CHARLOTTE GAINSBOURG, “Rest” (Because / Warner, 2017)

È un po’ un dato di fatto che a nominare Charlotte Gainsbourg venga subito in mente il lungo elenco di nomi a lei associabili. E non mi riferisco ai due celebri genitori, o almeno non solo a loro. Si parla della Charlotte attrice di Zeffirelli, di Gondry, di Lars Von Trier. Si parla della cantante che lavora con gli Air e Jarvis Cocker e poi firma IRM con Beck. Charlotte è tante cose. Cose fatte quasi mai in solitaria. Questo può porre l’interrogativo su chi sia veramente Charlotte Gainsbourg.

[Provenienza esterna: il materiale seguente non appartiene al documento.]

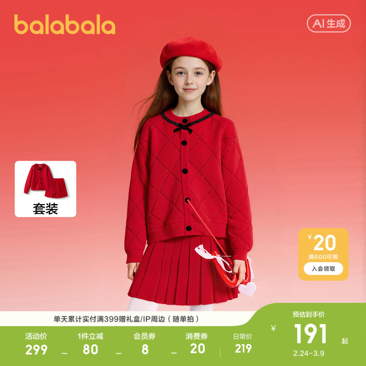 巴拉巴拉女童针织套装中大童裙子两件套儿童红色毛衣冬装新款童装
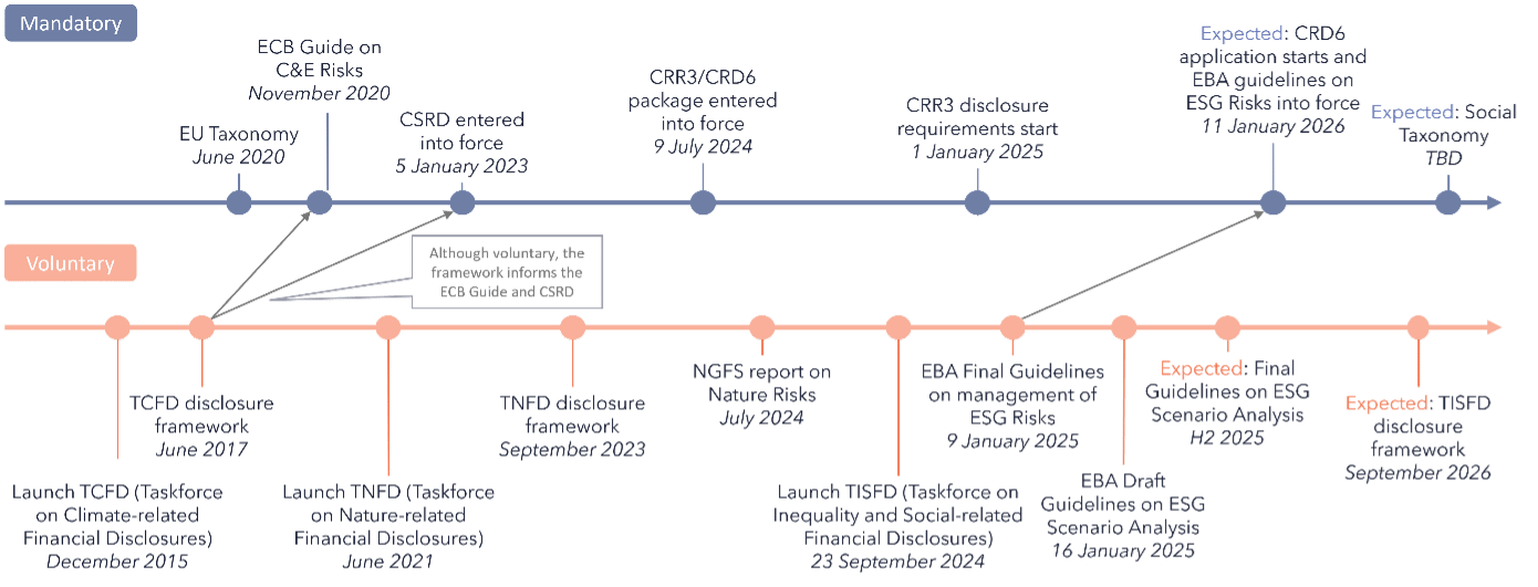 It provides clear criteria for sustainable activities, thereby guiding businesses and financial institutions toward sustainable decision-making. Moreover, the disclosure framework published by the Taskforce on Climate-related Financial Disclosures (TCFD), while voluntary, has informed regulatory frameworks like the ECB Guide and the CSRD, thereby pushing organizations to enhance transparency regarding climate-related risks. Looking ahead, the integration of climate risks into CRR3/CRD6 will further enhance the incorporation of climate risks into financial institutions’ risk management frameworks. Similarly, the EBA Guidelines on the management of ESG risks, published on 9 January 2025, and the recently published EBA Draft Guidelines on ESG Scenario Analysis, currently open for consultation until 16 April 2025, are both anticipated to take effect on 11 January 2026, providing additional support for this progression.
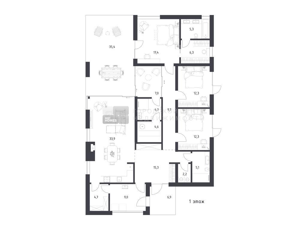 Комфортная вилла с просторной кухней-гостиной, мастер-спальней, кабинетом, гардеробной и благоустроенным и огороженным просторным участком.
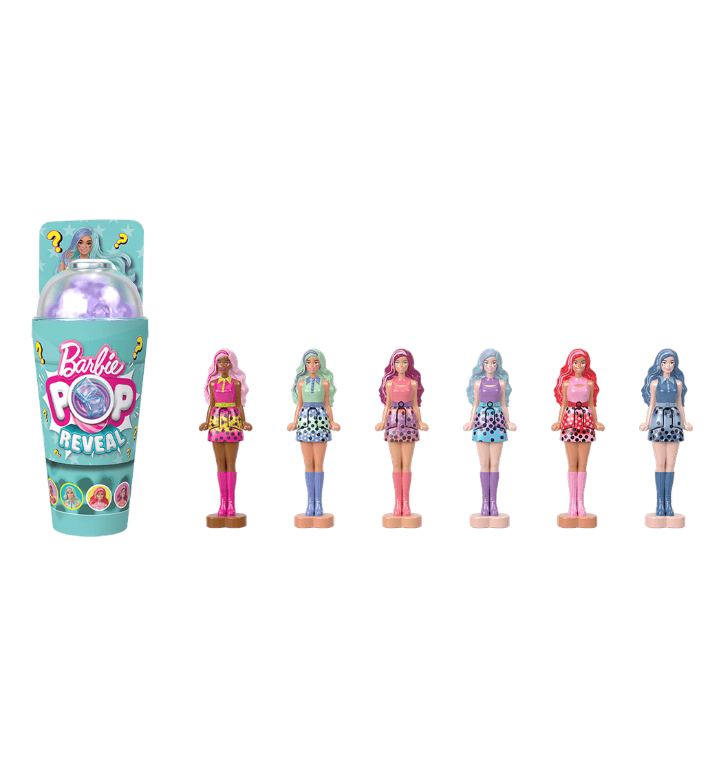 Desenrosca la tapa del minivaso de bebida y pica el compuesto sensorial con el popote para disfrutar de una diversión épica. Retira el compuesto para descubrir una minimuñeca Barbie. ¿Qué muñeca descubrirás?
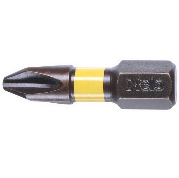 Бита крестовая серии 4 Impact Felo PH2 25 мм с хвостовиком С 6,3 1/4" предназначена для монтажа/демонтажа крепежных изделий, имеющих шлиц PH2. Используется в качестве сменной насадки для вкручивания и выкручивания шурупов и винтов при помощи дрелей-шуруповертов, а также аккумуляторных и сетевых отверток. Крестовой шлиц имеет четыре крупных лучевых диагональных ребра. Цифра после PH маркировки связана с диаметром наружной резьбы крепёжного элемента и является стандартом для всех крестообразных шлицов.
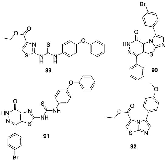 Using lead compound 89 (Figure 24), which carries carboxyl ester function along with a thioureido function and has an IC50 inhibition affinity of 0.05 μM, as a reference, Ewida et al. designed and synthesized a series of 1,3-thiazole-containing heterocycles acting at the DHFR enzyme active site. Modification carried out on compound 89, notably the replacement of the thiazole scaffold with imidazo[2,1-b]thiazole and the annexation of carboxyl ester function into a pyridazinone unit, provided the tricyclic imidazo[2′,1′:2,3]thiazolo[4,5-d]pyridazinone 90 with an IC50 value of 0.06 μM []. Interestingly, SAR studies have shown that ring annexation of the active 1,3-thiazole ring of 89 in the bicyclic thiazolo[4,5-d]pyridazinone (i.e., 91, IC50 = 0.35 μM) or imidazo[2,1-b]thiazoles (i.e., 92, IC50 = 49.67 μM) reduced DHFR inhibition activity, whereas the formation of the tricyclic imidazo[2′,1′:2,3]thiazolo[4,5-d]pyridazinone increased the potency, with 90 being the most representative of these novel DHFR inhibitors. Compound 90 proved to be lethal for OVCAR-3 ovarian cancer and MDA-MB-435 melanoma cells at IC50 = 0.32 and 0.46 μM, respectively.
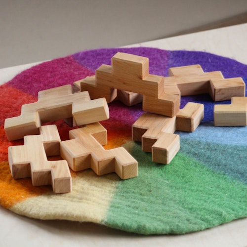 Bauspiel Baukästen aus naturbelassenem Holz mit kräftigen Farben und funkelnden Elementen ermöglichen unbegrenztes „open-ended“ Spiel und fördern Kreativität, Feinmotorik sowie ästhetisches Gestalten. Die modularen Bausteine lassen sich altersgerecht kombinieren und immer wieder neu arrangieren – für individuelle Spielwelten ganz nach Kinderfantasie.
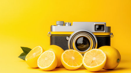 A retro yellow camera with fresh lemons on a vivid yellow background. AI-generated.

Chansonnière francofona, popstar internazionale, attrice che veste (e sveste) panni impegnativi, madre e eterna figlia.

Certo è che la sua carriera musicale, con la tappa che si chiama “Rest” arriva ad un punto focale. Qui, attorno ai suoi testi ci sono canzoni pop sussurrate ma che indossano il vestito da sera. “Rest” è il bilinguismo come essenza, non come esercizio. La produzione e la scrittura di SebAstian (che oggi non è un nome pesantissimo ma una decina di anni fa eravamo a parlarne spesso) regala all’album un’aura di epica nostalgia chic. Nostalgia che poi è anche dolore autentico. Da una certa prospettiva questo è un disco intriso di lutto. Però è un lutto (per la morte della sorellastra Kate e non solo) che magicamente non ci piega lo stomaco ma celebra, unisce e addirittura eleva.

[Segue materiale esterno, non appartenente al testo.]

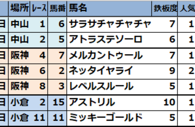 【JRA競馬偏差値予想表・厳選軸馬(先週の成績結果)】2026年2月28日・3月1日(3月第1週) ★2026JRA中山・阪神・小倉開催 3月第1週★ 1【厳選軸馬】2026年3月第1週成績結果 先週行われた 【2026 厳選軸馬 成績結果】 【2026 厳選軸馬@馬券のミカタ】 【2026 JRA競馬偏差値予想表リニューアル版(完全無料指数)】 【2026 中央競馬予想(先週の成績結果編)】 【…
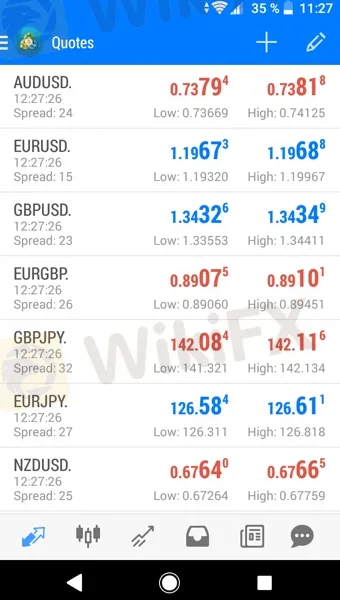 The MT4 on android has an interface that consists of 6 tabs at the bottom, and a menu at the upper left corner.
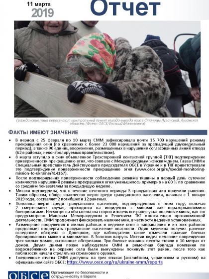 В отчете представлен обзор работы Специальной мониторинговой миссии ОБСЕ (СММ), последние события и новости по состоянию на 11 марта 2019 года.
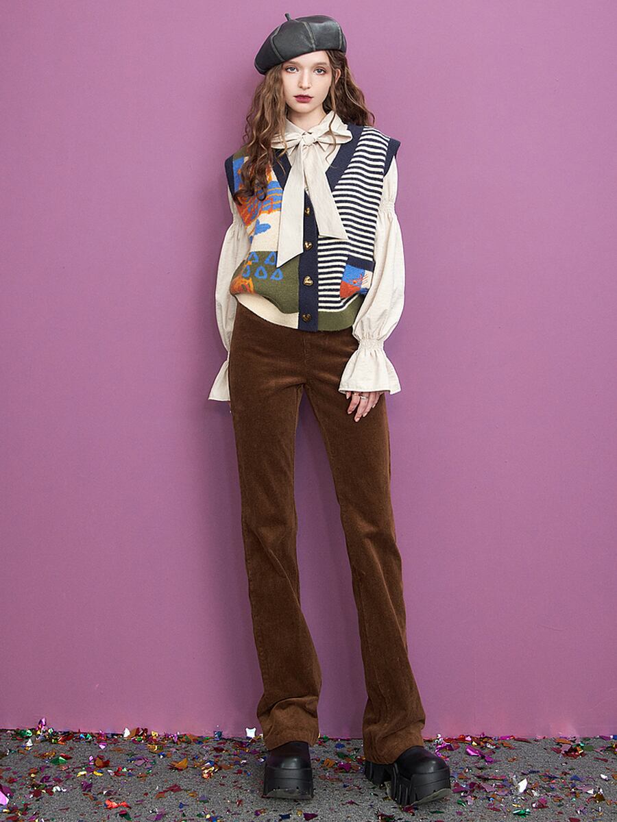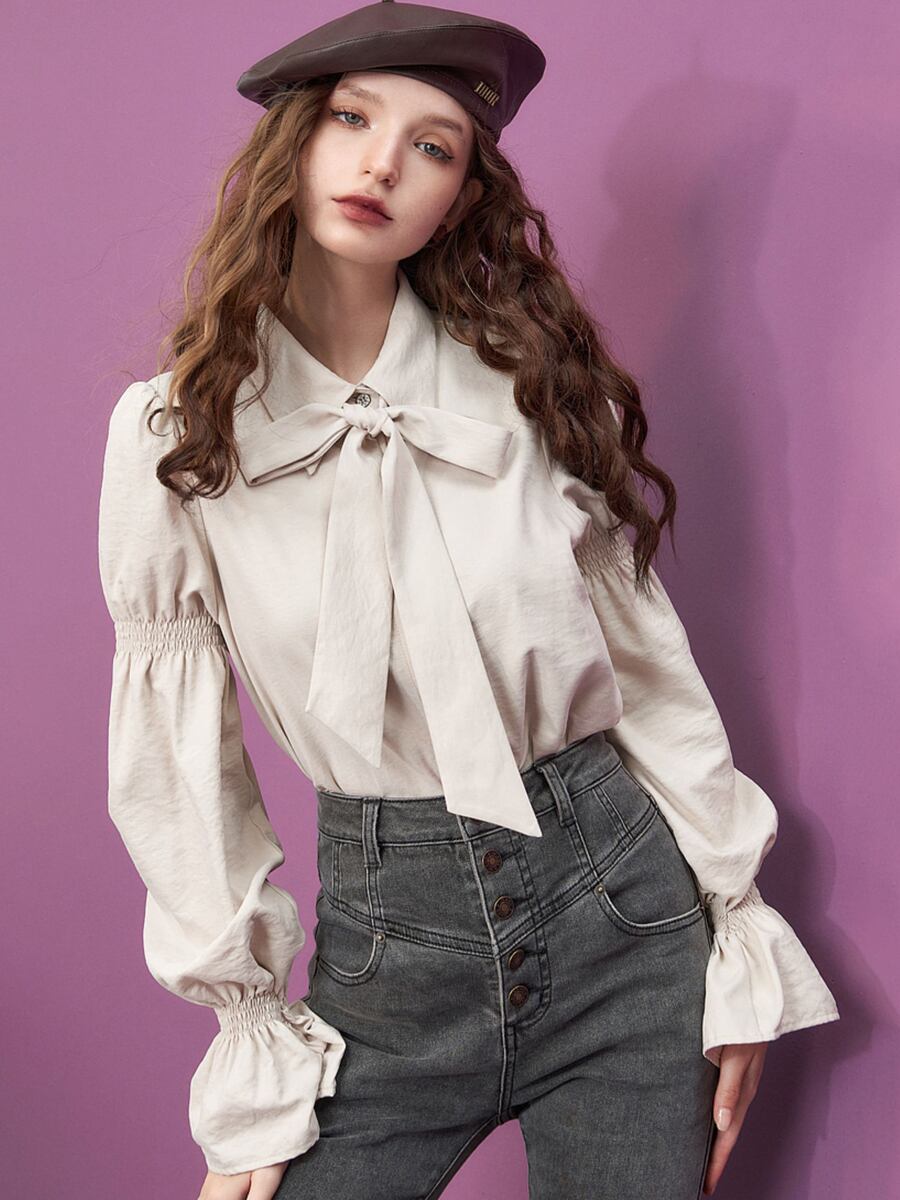 大きめのリボンとシャーリングでふくらませた袖がポイントの秋冬ブラウスです。
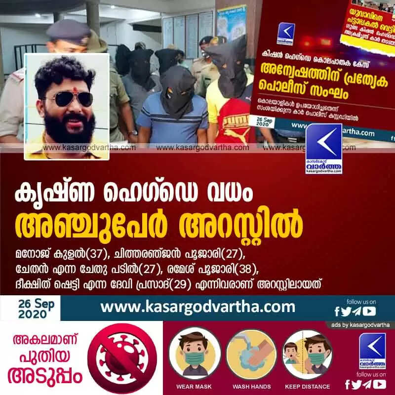 കിഷൻ ഹെഗ്ഡെ വധം: അഞ്ചുപേര് അറസ്റ്റില്

Si parla molto degli Air come riferimento suggestivamente incombente. Però quel sentire morbido, sospeso tra amore, melancolia, sensualità in odore di discomusic e francesismi in minore, rimanda anche alla sagoma barbuta di Sebastien Tellier. “Deadly Valentine” e “Sylvia Says” sono i momenti più estroversi: electro pop e aperture melodiche. “Rest” e “Ring-A-Ring O’Roses” gli fanno da contraltare con quell’intimismo barocco che conosciamo. E poi, nelle tracce finali (sembra di spoilerare, tanto è cinematografico) il dolore ispessito cavalca in progressione gli umori disco-funk di quasi quaranta anni fa. La leggerezza fuori e l’epica dentro.

D’accordo, la protagonista di Rest usa i tanti ingredienti che porta in dote, questo è vero. Ma gli ingredienti non si traducono in risultato da soli. E se fosse proprio questa la cifra personale della Gainsbourg? Paul McCartney e de Homem-Christo, entrambi della partita, non garantiscono nulla da soli, no? Qui tutto è davvero nelle mani di una che ha la sua forza nell’unire e connettere mondi, linguaggi, persone, artisti ed epoche. Allora diventa difficile fare un appunto su qualche eventuale mancanza di personalità. Suonerebbe pregiudiziale a fronte di un disco come “Rest”, misurato e coeso senza essere prevedibile. Un lavoro che mostra la patina insieme alle ferite. Magari Serge Gainsbourg e Jane Birkin hanno “semplicemente” fatto una figlia. Che a sua volta si è fatta capolavoro.